Items listed in a dataset:
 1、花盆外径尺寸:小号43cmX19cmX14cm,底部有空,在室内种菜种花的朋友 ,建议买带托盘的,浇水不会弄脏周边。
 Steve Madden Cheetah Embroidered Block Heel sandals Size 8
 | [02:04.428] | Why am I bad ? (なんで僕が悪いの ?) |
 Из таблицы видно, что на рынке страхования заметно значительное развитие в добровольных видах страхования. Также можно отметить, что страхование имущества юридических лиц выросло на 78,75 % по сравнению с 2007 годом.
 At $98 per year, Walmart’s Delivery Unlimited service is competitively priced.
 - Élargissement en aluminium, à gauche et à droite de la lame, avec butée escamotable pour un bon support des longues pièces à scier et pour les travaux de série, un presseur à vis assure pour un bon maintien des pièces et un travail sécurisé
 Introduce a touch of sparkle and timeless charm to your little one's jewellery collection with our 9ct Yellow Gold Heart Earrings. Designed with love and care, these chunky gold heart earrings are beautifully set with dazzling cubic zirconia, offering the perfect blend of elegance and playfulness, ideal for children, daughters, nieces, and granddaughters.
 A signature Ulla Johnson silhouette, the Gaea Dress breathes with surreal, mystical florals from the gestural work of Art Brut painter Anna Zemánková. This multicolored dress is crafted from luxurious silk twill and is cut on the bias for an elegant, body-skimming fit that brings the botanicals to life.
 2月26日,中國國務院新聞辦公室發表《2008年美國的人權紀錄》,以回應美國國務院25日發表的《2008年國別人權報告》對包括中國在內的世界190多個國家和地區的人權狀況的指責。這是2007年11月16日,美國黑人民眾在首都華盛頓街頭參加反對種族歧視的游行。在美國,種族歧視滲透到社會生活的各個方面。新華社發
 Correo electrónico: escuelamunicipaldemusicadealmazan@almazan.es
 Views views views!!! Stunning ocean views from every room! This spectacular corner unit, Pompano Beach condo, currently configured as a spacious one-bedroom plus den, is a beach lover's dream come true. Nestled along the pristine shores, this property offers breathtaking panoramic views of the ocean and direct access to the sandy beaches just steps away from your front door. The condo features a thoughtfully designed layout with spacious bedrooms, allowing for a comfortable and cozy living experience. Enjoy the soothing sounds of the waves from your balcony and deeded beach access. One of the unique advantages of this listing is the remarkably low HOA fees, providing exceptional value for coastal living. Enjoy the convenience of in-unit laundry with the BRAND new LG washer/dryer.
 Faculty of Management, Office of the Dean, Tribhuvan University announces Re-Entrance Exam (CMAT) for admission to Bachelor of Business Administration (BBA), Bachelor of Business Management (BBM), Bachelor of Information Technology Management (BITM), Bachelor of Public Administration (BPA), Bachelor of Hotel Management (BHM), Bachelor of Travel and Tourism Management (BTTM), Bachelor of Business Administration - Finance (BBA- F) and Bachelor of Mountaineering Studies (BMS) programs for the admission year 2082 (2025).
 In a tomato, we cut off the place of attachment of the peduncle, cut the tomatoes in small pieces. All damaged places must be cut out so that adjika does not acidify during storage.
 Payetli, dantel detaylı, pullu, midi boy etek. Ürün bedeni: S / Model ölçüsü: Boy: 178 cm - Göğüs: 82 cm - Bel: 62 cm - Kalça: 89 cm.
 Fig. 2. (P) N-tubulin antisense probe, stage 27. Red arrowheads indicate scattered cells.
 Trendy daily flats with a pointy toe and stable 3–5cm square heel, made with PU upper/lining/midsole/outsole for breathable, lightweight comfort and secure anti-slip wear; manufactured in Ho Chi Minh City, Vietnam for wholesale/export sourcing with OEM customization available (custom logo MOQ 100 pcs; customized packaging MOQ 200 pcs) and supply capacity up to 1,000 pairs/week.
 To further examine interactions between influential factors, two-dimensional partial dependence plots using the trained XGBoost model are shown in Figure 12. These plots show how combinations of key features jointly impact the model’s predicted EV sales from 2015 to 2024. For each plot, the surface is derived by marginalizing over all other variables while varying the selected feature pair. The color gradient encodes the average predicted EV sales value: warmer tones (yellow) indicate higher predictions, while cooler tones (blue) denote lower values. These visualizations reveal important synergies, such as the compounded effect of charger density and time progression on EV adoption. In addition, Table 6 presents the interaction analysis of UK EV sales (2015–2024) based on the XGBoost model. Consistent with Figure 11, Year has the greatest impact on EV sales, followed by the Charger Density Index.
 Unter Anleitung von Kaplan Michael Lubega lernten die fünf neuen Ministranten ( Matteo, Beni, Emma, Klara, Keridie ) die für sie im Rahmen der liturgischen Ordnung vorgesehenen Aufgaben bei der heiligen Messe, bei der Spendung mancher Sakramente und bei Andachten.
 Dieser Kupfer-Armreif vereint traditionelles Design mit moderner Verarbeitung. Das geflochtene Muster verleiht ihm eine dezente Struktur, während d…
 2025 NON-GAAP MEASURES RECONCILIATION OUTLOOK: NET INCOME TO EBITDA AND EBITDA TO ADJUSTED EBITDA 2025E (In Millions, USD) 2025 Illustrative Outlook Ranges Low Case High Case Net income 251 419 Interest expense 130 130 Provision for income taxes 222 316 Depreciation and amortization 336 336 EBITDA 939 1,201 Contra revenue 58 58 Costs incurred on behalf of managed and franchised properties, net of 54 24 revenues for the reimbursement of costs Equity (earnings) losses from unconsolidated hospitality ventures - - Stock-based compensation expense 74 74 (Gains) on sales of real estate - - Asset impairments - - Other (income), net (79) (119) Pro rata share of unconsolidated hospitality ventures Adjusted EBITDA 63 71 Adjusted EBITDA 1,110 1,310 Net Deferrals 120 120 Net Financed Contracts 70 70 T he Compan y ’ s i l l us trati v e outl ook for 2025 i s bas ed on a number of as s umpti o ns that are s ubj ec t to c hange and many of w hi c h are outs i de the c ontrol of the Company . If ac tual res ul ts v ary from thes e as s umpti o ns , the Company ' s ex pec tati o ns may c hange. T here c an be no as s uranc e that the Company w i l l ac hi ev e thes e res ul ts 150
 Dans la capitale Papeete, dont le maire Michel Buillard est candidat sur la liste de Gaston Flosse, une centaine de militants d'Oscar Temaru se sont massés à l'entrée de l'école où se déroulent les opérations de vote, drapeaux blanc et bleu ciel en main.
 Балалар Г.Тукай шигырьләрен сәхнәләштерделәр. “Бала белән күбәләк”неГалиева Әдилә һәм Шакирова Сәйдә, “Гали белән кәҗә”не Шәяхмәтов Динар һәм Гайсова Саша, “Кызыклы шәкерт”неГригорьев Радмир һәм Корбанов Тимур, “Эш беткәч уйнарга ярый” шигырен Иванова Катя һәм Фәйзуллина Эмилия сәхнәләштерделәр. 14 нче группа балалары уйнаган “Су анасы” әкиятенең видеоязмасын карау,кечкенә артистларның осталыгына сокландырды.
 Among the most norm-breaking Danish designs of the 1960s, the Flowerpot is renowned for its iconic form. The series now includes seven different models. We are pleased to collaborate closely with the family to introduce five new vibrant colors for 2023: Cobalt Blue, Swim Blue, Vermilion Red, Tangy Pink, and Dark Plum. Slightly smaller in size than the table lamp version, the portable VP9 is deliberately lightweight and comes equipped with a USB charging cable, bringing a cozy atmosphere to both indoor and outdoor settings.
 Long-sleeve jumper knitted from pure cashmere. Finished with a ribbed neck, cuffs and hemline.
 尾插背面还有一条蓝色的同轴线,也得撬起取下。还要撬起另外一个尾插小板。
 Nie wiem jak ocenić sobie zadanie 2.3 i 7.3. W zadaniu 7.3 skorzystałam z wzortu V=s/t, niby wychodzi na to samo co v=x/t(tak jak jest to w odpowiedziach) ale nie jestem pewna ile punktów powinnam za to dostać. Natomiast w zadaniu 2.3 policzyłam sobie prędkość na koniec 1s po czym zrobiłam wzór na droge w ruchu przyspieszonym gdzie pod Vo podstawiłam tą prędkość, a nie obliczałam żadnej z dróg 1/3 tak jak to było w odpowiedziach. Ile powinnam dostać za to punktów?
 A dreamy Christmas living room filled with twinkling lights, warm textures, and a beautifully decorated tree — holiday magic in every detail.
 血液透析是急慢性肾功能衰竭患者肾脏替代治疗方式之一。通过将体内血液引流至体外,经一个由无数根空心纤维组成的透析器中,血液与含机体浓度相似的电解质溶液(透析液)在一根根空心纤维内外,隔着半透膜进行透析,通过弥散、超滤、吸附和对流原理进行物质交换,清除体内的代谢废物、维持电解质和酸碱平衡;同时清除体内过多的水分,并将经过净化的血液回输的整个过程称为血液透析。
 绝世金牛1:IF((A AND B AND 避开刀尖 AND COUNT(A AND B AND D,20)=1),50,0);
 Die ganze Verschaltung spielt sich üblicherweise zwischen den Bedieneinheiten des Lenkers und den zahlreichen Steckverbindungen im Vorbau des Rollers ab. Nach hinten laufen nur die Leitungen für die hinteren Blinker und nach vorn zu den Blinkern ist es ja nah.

Required action> Print exactly the lines above from the one with "Dans la capitale" to the one with "血液透析是急慢性肾功能衰竭患", including both.

Finished exercise>
 Dans la capitale Papeete, dont le maire Michel Buillard est candidat sur la liste de Gaston Flosse, une centaine de militants d'Oscar Temaru se sont massés à l'entrée de l'école où se déroulent les opérations de vote, drapeaux blanc et bleu ciel en main.
 Балалар Г.Тукай шигырьләрен сәхнәләштерделәр. “Бала белән күбәләк”неГалиева Әдилә һәм Шакирова Сәйдә, “Гали белән кәҗә”не Шәяхмәтов Динар һәм Гайсова Саша, “Кызыклы шәкерт”неГригорьев Радмир һәм Корбанов Тимур, “Эш беткәч уйнарга ярый” шигырен Иванова Катя һәм Фәйзуллина Эмилия сәхнәләштерделәр. 14 нче группа балалары уйнаган “Су анасы” әкиятенең видеоязмасын карау,кечкенә артистларның осталыгына сокландырды.
 Among the most norm-breaking Danish designs of the 1960s, the Flowerpot is renowned for its iconic form. The series now includes seven different models. We are pleased to collaborate closely with the family to introduce five new vibrant colors for 2023: Cobalt Blue, Swim Blue, Vermilion Red, Tangy Pink, and Dark Plum. Slightly smaller in size than the table lamp version, the portable VP9 is deliberately lightweight and comes equipped with a USB charging cable, bringing a cozy atmosphere to both indoor and outdoor settings.
 Long-sleeve jumper knitted from pure cashmere. Finished with a ribbed neck, cuffs and hemline.
 尾插背面还有一条蓝色的同轴线,也得撬起取下。还要撬起另外一个尾插小板。
 Nie wiem jak ocenić sobie zadanie 2.3 i 7.3. W zadaniu 7.3 skorzystałam z wzortu V=s/t, niby wychodzi na to samo co v=x/t(tak jak jest to w odpowiedziach) ale nie jestem pewna ile punktów powinnam za to dostać. Natomiast w zadaniu 2.3 policzyłam sobie prędkość na koniec 1s po czym zrobiłam wzór na droge w ruchu przyspieszonym gdzie pod Vo podstawiłam tą prędkość, a nie obliczałam żadnej z dróg 1/3 tak jak to było w odpowiedziach. Ile powinnam dostać za to punktów?
 A dreamy Christmas living room filled with twinkling lights, warm textures, and a beautifully decorated tree — holiday magic in every detail.
 血液透析是急慢性肾功能衰竭患者肾脏替代治疗方式之一。通过将体内血液引流至体外,经一个由无数根空心纤维组成的透析器中,血液与含机体浓度相似的电解质溶液(透析液)在一根根空心纤维内外,隔着半透膜进行透析,通过弥散、超滤、吸附和对流原理进行物质交换,清除体内的代谢废物、维持电解质和酸碱平衡;同时清除体内过多的水分,并将经过净化的血液回输的整个过程称为血液透析。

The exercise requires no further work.